Dalla convivenza all'integrazione. Commento di Paolo Naso dopo la scomparsa di Saman
La vicenda di Saman Abbas – «ragazza pachistana che aveva rifiutato un matrimonio combinato dalla sua famiglia e che è scomparsa ormai da alcune settimane» – è stata al centro della riflessione del 6 giugno scorso di Paolo Naso (docente di Scienza politica all’Università “La Sapienza” di Roma, insegnante al Master in Teologia interculturale della Facoltà Valdese di Teologia, direttore del programma della Fcei per rifugiati e migranti “Mediterranean Hope”) il quale, su Radio1 Rai, è intervenuto in chiusura del programma “Culto Evangelico” (link alla puntata su RaiPlay Radio, testo integrale su Nev).
Naso introduce il suo intervento calando la vicenda nel contesto della provincia di Reggio Emilia, che nelle sue stalle e caseifici accoglie numerosi lavoratori immigrati, africani e asiatici.

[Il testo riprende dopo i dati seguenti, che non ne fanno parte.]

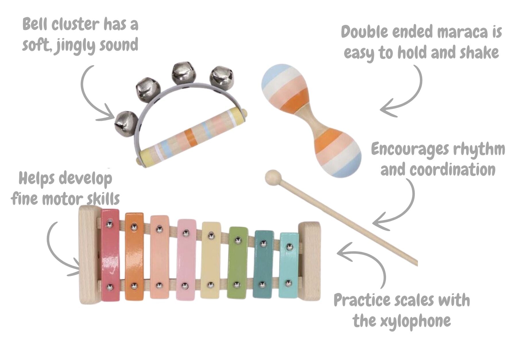 This set includes a wooden xylophone with metal keys in a sweet gradient of colours, a handbell shaker bursting with jingles, and a stripy maraca that sings with every shake. Made from smooth wood and lovingly painted with non-toxic, child-safe paints, these sets are a perfect introduction to the magical world of music.

A Novellara, spiega il docente, «la convivenza è giudicata positiva, favorita da un clima generalmente accogliente e dalla soddisfazione di tanti imprenditori contenti del lavoro di immigrati».
Sembrerebbe paradossale dunque che, proprio in questo «contesto complessivamente positivo e costruttivo dal punto di vista della convivenza interculturale», si sia verificata la tragedia di Saman la quale, «probabilmente, di fronte a un matrimonio imposto con la violenza ha gridato la sua angoscia e la sua disperazione, ma nessuno l’ha ascoltata».
Cosa è mancato? Secondo Naso, molto probabilmente «l’integrazione. La semplice convivenza multiculturale non basta a creare comunità coese e bene inserite nel tessuto sociale italiano». Tante comunità diverse, vicine ma isolate, «non creano coesione sociale, ma restano chiuse in se stesse e al loro interno, talvolta, si affermano pratiche tradizionali incompatibili con i principi e le norme di una moderna democrazia che, tra le altre cose, deve garantire l’uguaglianza dei diritti tra uomini e donne. Nessuna ragione di ordine culturale o religioso, insomma, può essere addotta per giustificare i matrimoni forzati, o violazioni di fondamentali diritti umani». E se la semplice repressione «non è sufficiente» a individuare e contrastare questi «abusi», è necessario che si attivino le stesse comunità per «contrastare retaggi che violano i diritti delle persone», promuovendo «un’azione educativa orientata all’educazione e al rispetto delle leggi e dei principi della convivenza democratica».
In tal senso Naso accoglie positivamente la presa di posizione dell’Ucoii (Unione delle Comunità Islamiche in Italia) che, nel pieno dibattito sulla vicenda di Saman, ha annunciato una fatwa contro i matrimoni forzati, da emanare insieme all’Associazione Islamica degli Imam e delle Guide Religiose. Il pronunciamento dell’Ucoii «è un fatto importante – spiega Naso – che attesta come ormai in Italia esista una leadership di musulmani che vuole far valere i principi della legalità costituzionale e dell’integrazione anche tra quegli immigrati che pretenderebbero una giustificazione religiosa ai loro comportamenti violenti e disumani».
Sarebbe poi opportuno, conclude il professore, che «le comunità etniche si aprano alla società in cui hanno scelto di vivere e, insieme agli italiani, si mettano in una prospettiva di integrazione. Come dimostra l’esperienza di tante Chiese protestanti italiane, esse stesse possono diventare laboratori di integrazione nei quali vivere insieme la fede, da una parte, ma anche attrezzarsi alla convivenza interculturale nel rispetto delle leggi, dei diritti e dei doveri di cittadinanza. Non è una strada facile, né scontata, ma nel tempo è l’unica che può aiutare italiani e migrati a realizzare una vera e costruttiva convivenza».